Now, depending on the company, you may pay a one-time verification fee, plus a monthly payment of $7 to $10, or your property owner may sign up for a larger paid subscription. But a small fee for a positive result that will help you in the long run may just be worth it!
Credit scores don’t always have to be poor in order to feel the need to improve them. Like we mentioned near the beginning of this article, these are tips meant for any level of credit. We wanted to share the importance of building as well as maintaining a healthy score!
Here are some things that lenders look for when taking your credit history into consideration:
• Save Your Money When You Can – Creating a healthy saving routine every time you’re paid, or as often as your budget allows, will show a few things: 1. A lender sees your funds continually building over time. 2. You’re less of a risk knowing you have access to available funds to depend on when, if at all, needed.
• Keep Your Accounts Open – Even if this isn’t your primary checking and savings account, keep it open with just the minimum requirement remaining in the balance. This represents longevity and a source of positive banking history, so long as no automatic payments are withdrawn. We want to avoid having a negative balance.

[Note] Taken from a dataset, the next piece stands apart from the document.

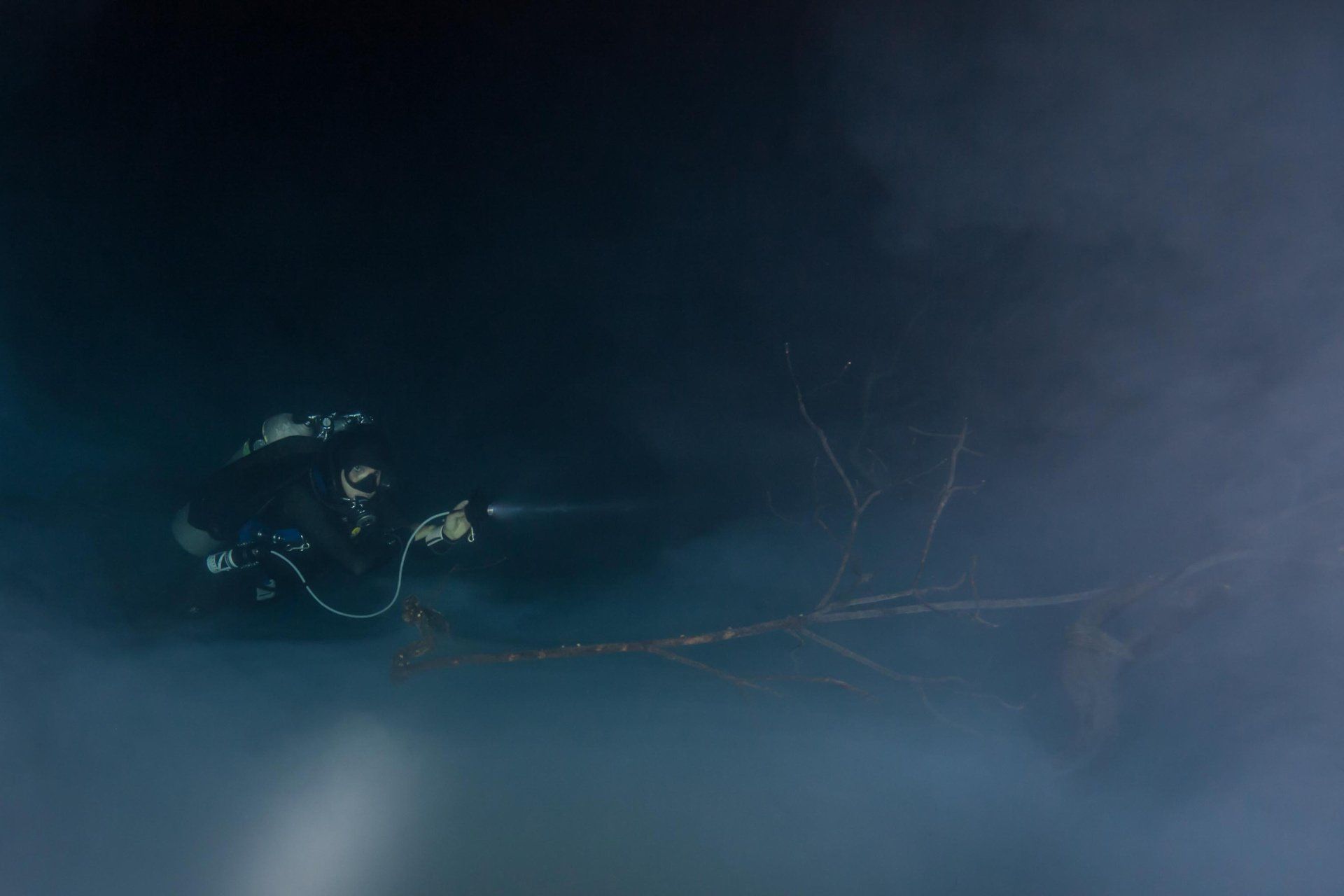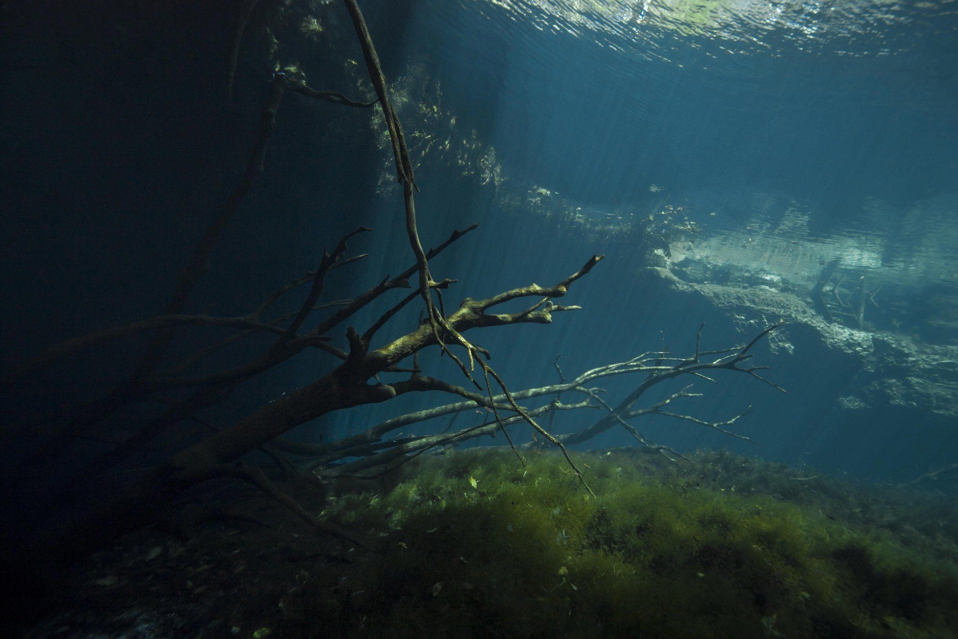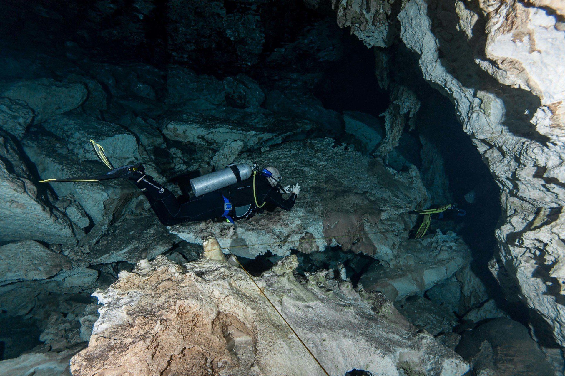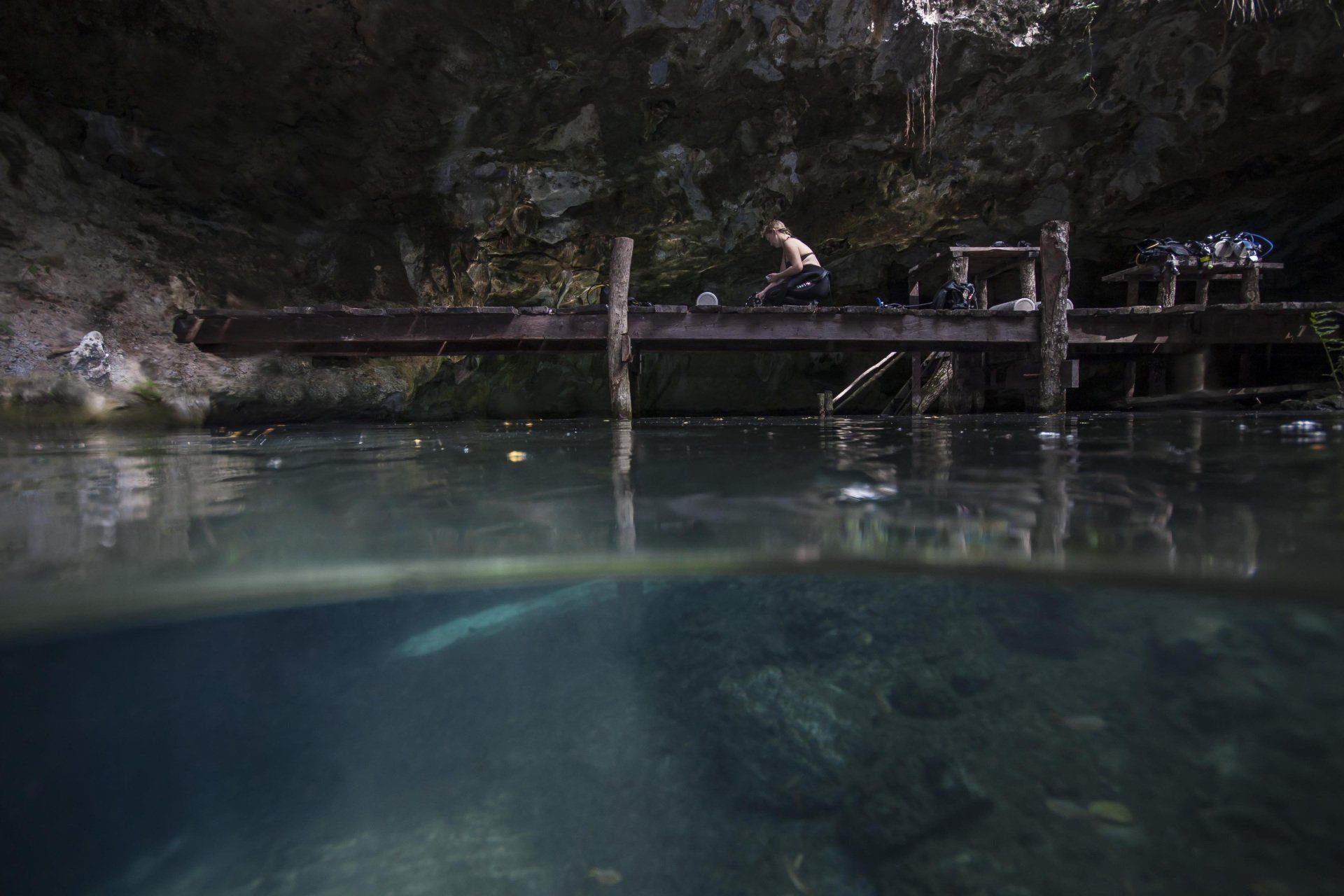 Wieder vertraute ich mich den Höhlentauchern vom Xibalba Dive Center an, die erneut einen tollen Job machten. Kaum angekommen Äußerte ich meine Wünsche und los ging es. Neben den "üblichen" Cenotentauchgängen erwarteten mich diesmal mit den Tauchplätzen "The Pit" und "Angelita" zwei tiefe (110m und 68m) Cenoten, die als Besonderheit eine Schwefelschicht auf ca. 28 Metern aufweisen. Diese trennt das Salz- vom Süßwasser und es ragen tote Bäume, die in die Cenoten gefallen sind, aus ihnen heraus... eine absolut gespenstige Kulisse mit toller Lichtstimmung. Es schaut aus, als ob man über einem See schwebt, der ans Ufer mit Bäumen plätschert. Unter der Schwefelschicht ist es fast dunkel und erinnert doch sehr an unsere Baggerseen. Die Sichtweite ist aber so gut wie die Lampe reicht. Nach dem tollen Dive in "Angelita" fuhren wir nach "Carwash", einem kleinem See mit Cenote ohne Führungleinen. Dieser Tauchplatz wird zum Training bei Höhlentauchkursen genutzt. Die Höhle selbst fand ich nicht so spektakulär, dafür bot sich mir aber ein absolut grandioser Ausblick aus der Höhle in den sonnendurchfluteten See mit seinem glasklarem Wasser, toten Bäumen, blauem Himmel, weißen Wolken, massenweise gebündelte Lichtstrahlen, Seerosen, Fischen, Schildkröten und meinem ersten Krokodil. Nicht sehr groß, ca. 1,5m, aber nur eine Armlänge von mir entfernt... Klasse... einer meiner besten Tauchtage der letzten Jahre.

• Positive Balances ONLY – Withdrawing more funds than what you have will result in a negative balance, which in turn signals an overdraft charge. It’s always a good idea to keep a watchful eye on your bank account balance as well as pending/processing transactions. It may say you have a certain amount available, but if a charge is still processing, it may not post until the next business day. So, in reality, you may have to do a little math and keep a running tally in your check register to know exactly how much you have remaining before accidentally over drafting from your account.
A helpful way to prevent this from occurring is by going into your account settings and turning on a minimum requirement alert, this will notify you when you are getting close to using more money than you actually have at the moment.
• Payment Consistency – Did you know you can schedule the due date for your monthly bills? It’s true in most cases, and this will help avoid missing a due date! It’s really important to make your full payments on time, every time! On-time payments show discipline and consistency, which makes you less of a risk in the bank’s eyes.
A helpful tip here would be to go through all of your bill due dates, and align them with how often you get paid.
For example: If I get paid on the 1st and the 15th of every month, it would be in my best interest to split my bills in half. Not in amount of course, what I mean by that is I would pay half of my bills on the 1st, and the rest on the 15th. That way, I am not using an entire paycheck for all of my bills at once, nor am I having to remember to pay each bill on their separate due dates.
Make it easier on yourself, you have more control over this than you may know!
Ultimately, no matter which credit-building strategy you choose, many of the same rules apply. Some things to keep in mind after reading this article is that having any type of credit is always going to be better than having no credit at all, consistency and positive patterns in your payment history is absolutely key, and it is not the end of the road if your credit score is low – it’s just the beginning!